B33.2 Het besluit voorziet in een regeling van alle kerkrechtelijke en eventuele statelijkrechtelijke gevolgen.]

|82|

B33 instituering, splitsing en samenvoeging van kerken
B33.1 Instituering, splitsing of samenvoeging van kerken vindt plaats krachtens besluit van de betrokken kerkenraden, na raadpleging van de gemeenten en met voorafgaande goedkeuring van de classis.
B33.2 De besluitvorming voorziet in een regeling van de gevolgen naar kerkelijk en eventueel statelijk recht.

Toelichting B33

1. Aan B33 is de instituering van kerken toegevoegd.
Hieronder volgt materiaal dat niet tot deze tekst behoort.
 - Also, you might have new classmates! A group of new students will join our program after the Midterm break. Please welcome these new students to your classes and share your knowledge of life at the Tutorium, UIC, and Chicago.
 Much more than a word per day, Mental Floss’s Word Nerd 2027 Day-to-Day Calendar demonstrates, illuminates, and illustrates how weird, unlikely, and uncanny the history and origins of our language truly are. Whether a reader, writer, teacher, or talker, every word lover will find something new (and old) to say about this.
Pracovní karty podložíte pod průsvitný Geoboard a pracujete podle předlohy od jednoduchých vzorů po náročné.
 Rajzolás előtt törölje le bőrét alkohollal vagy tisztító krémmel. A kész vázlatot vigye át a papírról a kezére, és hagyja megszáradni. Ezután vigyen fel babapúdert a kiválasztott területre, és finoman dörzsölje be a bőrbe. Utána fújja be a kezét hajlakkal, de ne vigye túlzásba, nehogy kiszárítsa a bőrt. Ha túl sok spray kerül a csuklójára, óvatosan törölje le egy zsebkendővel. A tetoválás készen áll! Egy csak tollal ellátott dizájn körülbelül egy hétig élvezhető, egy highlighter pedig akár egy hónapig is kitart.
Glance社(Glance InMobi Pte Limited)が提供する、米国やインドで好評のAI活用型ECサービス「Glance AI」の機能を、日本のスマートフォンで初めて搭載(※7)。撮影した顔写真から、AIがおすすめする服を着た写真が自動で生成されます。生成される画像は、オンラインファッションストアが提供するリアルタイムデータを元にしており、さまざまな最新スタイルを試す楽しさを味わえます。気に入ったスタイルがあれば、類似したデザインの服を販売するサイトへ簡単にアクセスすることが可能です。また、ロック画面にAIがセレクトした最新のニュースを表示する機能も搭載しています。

Het artikel vervangt daarin art. 39 KO1978.

2. B33.1 houdt tekstueel nauwkeuriger rekening met het feit dat er meer kerkenraden en meer gemeenten bij betrokken (kunnen) zijn.

3. Wij kiezen in B33.1 bewust voor ‘raadpleging’ van de gemeente en verwijzen naar B28.2. Wij voegen toe dat het gaat om ‘voorafgaande’ goedkeuring van de classis.
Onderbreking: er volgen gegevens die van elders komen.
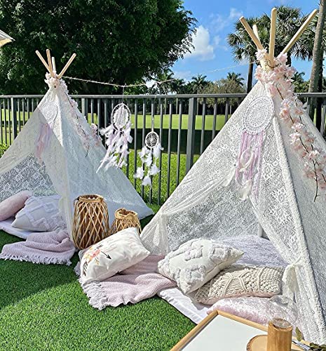 Tiny Land Tenda per Bambini Teepee per Bambini all'aperto al Coperto Tenda per Bambini, Tipi di Pizzo Boho (150 cm di Altezza)
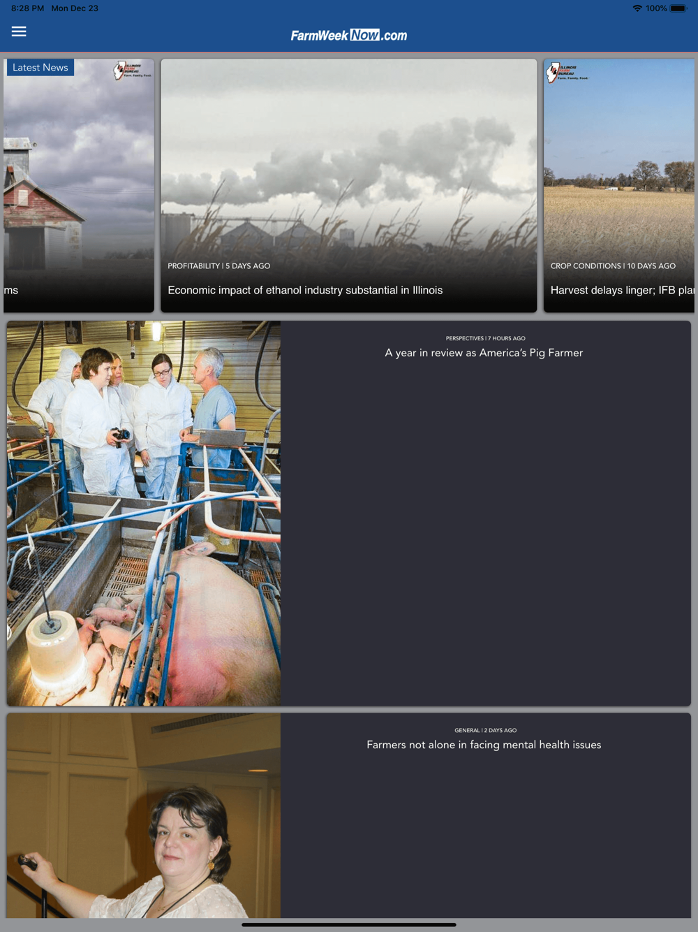 FarmWeekNow provides farmers with the latest information about Illinois agriculture from the staffs of FarmWeek, RFD Radio Network and Illinois Farm Bureau’s News and Communications division. App users will be able to receive the latest news, weather and price information tailored for Illinois farmers, plus the latest audio programming from the RFD Radio Network. In addition, ILFB (Illinois Farm Bureau) video releases can be viewed on the app, thanks to our affiliation with Brightcove and the American Farm Bureau Federation. FarmWeekNow provides the information that Illinois farmers need to be competitive in today’s agriculture.

4. B33.2 past na herformulering wat beter in ieders woordenboek. Vgl. voor ‘kerkelijk en statelijk recht’ bijvoorbeeld ook B14.3.

5. Een thema dat wij hier tot slot nog willen vermelden is dat van de gemeentestichting. Wij hebben ons afgevraagd en ook met enkele ervaringsdeskundigen gedeeld, of de Werkorde zou moeten voorzien in een specifiek kader hiervoor en zo ja, welke bepalingen dan opportuun zouden zijn. De uitkomst van dit beraad is dat het opnemen hiervan niet geïndiceerd is. Een aantal motieven speelt daarbij een rol:
a. gemeentestichting heeft vooralsnog een behoorlijk hoog experimenteel karakter en is nog onvoldoende uitgekristalliseerd om tot een functioneel KO-artikel hierover te komen;
b. het is de vraag of gemeentestichting zich wel laat ‘sturen’ en of er wel behoefte is aan een toegespitste regeling op KO-niveau naast de elementen in de KO die al vanzelf hun geldig hebben in situaties van gemeentestichting;
c. waar in de praktijk vooral behoefte aan bestaat, is (een heldere structuur van) verantwoording, begeleiding, advies, stimulans, e.d. op het niveau van de concrete projecten, meer dan aan algemene en daardoor snel te statische kaders;
d. vanuit het kerkverband wordt een belangrijke input geleverd door deputaten Ondersteuning Ontwikkeling Gemeenten (OOG), meer in het bijzonder de werkgroep gemeentestichting;
e. vanuit de verantwoordelijkheid die kerkenraden dragen voor de concrete projecten komen de ontwikkelingen daarvan ook in de classes ter sprake. De verantwoordelijkheden van kerkenraden en classes zijn in de WO voldoende geregeld.
Kortom: naar onze mening is er op Werkorde-niveau in dit stadium geen aanleiding is voor opname van enige regeling hieromtrent. Denkbaar is dat op zeker moment een gewenste regeling een plaats kan krijgen op het niveau van een generale regeling.